- **RECORDS PROVIDED**:
%%

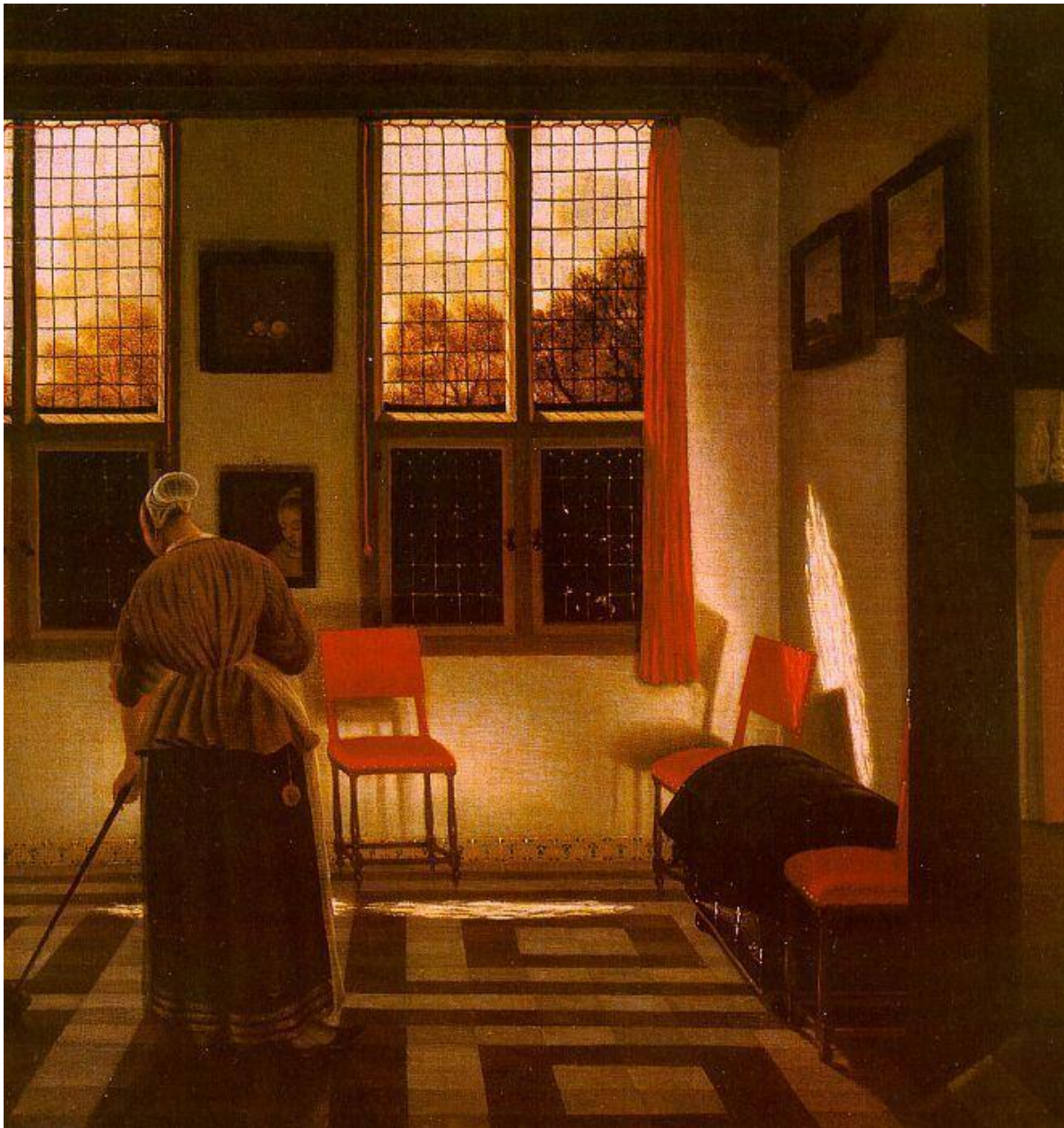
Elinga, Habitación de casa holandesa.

%%
%%

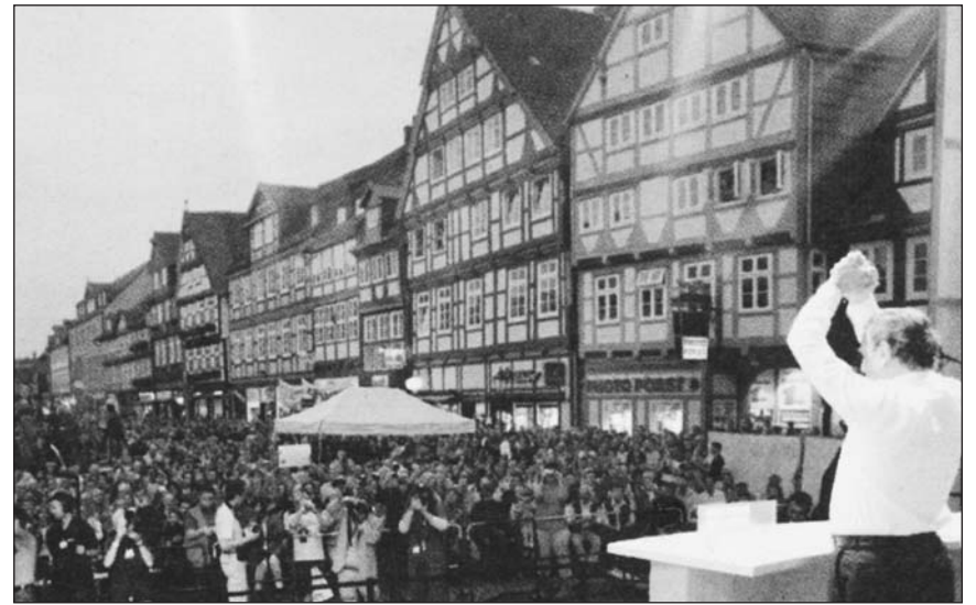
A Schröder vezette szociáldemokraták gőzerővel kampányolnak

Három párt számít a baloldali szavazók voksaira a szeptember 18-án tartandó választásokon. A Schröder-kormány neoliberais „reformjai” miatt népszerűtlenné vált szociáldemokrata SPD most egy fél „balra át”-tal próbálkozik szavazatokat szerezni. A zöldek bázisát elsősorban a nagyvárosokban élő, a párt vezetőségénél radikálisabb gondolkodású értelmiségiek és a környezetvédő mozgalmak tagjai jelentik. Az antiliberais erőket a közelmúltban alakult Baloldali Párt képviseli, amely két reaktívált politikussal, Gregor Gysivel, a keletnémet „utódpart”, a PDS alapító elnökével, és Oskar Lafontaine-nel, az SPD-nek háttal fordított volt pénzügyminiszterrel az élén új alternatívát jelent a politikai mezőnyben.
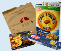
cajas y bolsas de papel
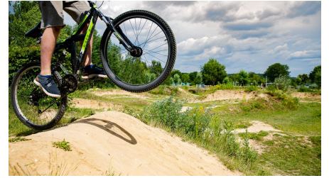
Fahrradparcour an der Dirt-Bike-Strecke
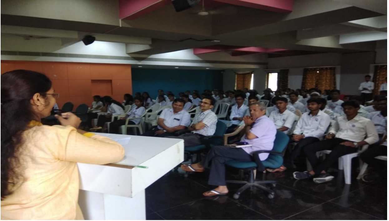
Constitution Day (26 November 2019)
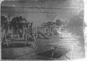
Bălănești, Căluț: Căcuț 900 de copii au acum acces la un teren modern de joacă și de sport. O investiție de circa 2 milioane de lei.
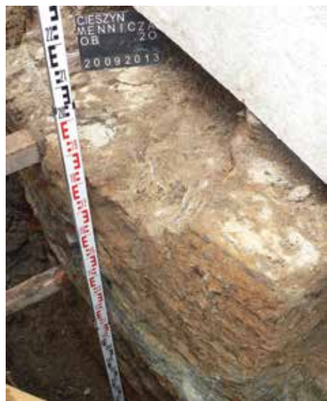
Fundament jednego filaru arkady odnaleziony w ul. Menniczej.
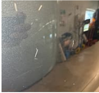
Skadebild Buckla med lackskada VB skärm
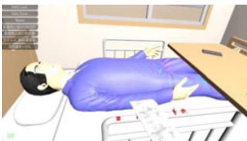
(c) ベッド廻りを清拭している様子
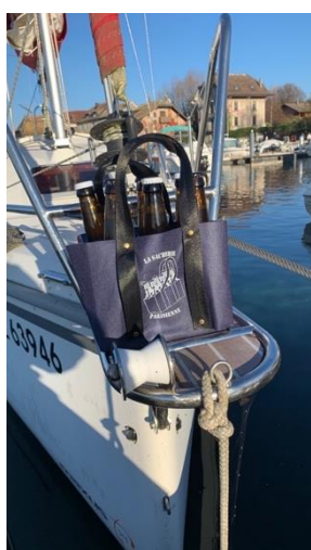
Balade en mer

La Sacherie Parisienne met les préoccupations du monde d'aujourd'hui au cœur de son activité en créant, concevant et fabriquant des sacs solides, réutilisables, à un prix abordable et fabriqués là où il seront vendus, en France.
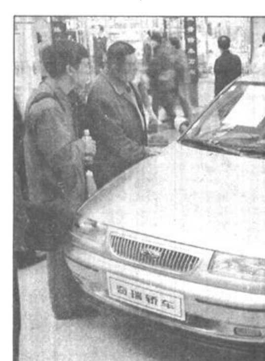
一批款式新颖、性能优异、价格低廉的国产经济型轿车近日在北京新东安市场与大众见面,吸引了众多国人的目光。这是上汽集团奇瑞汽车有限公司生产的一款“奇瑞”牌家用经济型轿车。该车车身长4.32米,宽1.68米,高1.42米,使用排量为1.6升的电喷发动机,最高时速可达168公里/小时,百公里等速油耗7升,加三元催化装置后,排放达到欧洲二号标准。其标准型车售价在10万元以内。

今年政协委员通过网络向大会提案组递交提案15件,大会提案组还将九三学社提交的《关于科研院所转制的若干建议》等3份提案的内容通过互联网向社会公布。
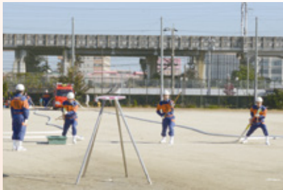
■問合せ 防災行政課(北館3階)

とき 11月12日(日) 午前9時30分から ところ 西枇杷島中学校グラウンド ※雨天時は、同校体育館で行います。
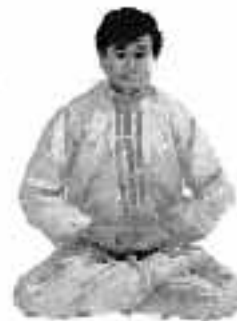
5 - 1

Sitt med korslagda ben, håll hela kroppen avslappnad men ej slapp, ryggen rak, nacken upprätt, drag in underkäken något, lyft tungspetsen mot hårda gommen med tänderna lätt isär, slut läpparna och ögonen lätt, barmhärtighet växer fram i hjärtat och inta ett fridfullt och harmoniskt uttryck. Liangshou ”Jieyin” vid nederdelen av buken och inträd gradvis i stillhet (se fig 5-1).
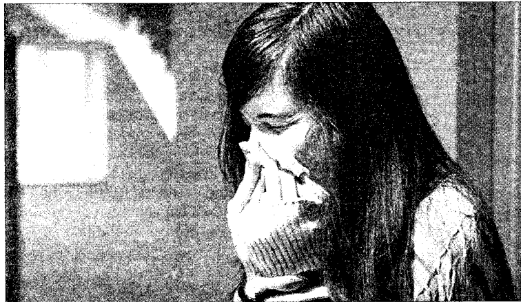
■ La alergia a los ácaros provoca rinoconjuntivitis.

%%
%%

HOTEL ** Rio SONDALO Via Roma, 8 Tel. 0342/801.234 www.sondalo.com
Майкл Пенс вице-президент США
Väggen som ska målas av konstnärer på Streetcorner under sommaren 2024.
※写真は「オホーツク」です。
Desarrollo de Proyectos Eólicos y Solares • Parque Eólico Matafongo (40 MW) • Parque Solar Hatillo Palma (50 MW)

%%

- **WORK TO BE COMPLETED**:
Reading through the records above, report each line in which the string "Schröder" is found.

- **PROBLEM SOLUTION**:
A Schröder vezette szociáldemokraták gőzerővel kampányolnak
Három párt számít a baloldali szavazók voksaira a szeptember 18-án tartandó választásokon. A Schröder-kormány neoliberais „reformjai” miatt népszerűtlenné vált szociáldemokrata SPD most egy fél „balra át”-tal próbálkozik szavazatokat szerezni. A zöldek bázisát elsősorban a nagyvárosokban élő, a párt vezetőségénél radikálisabb gondolkodású értelmiségiek és a környezetvédő mozgalmak tagjai jelentik. Az antiliberais erőket a közelmúltban alakult Baloldali Párt képviseli, amely két reaktívált politikussal, Gregor Gysivel, a keletnémet „utódpart”, a PDS alapító elnökével, és Oskar Lafontaine-nel, az SPD-nek háttal fordított volt pénzügyminiszterrel az élén új alternatívát jelent a politikai mezőnyben.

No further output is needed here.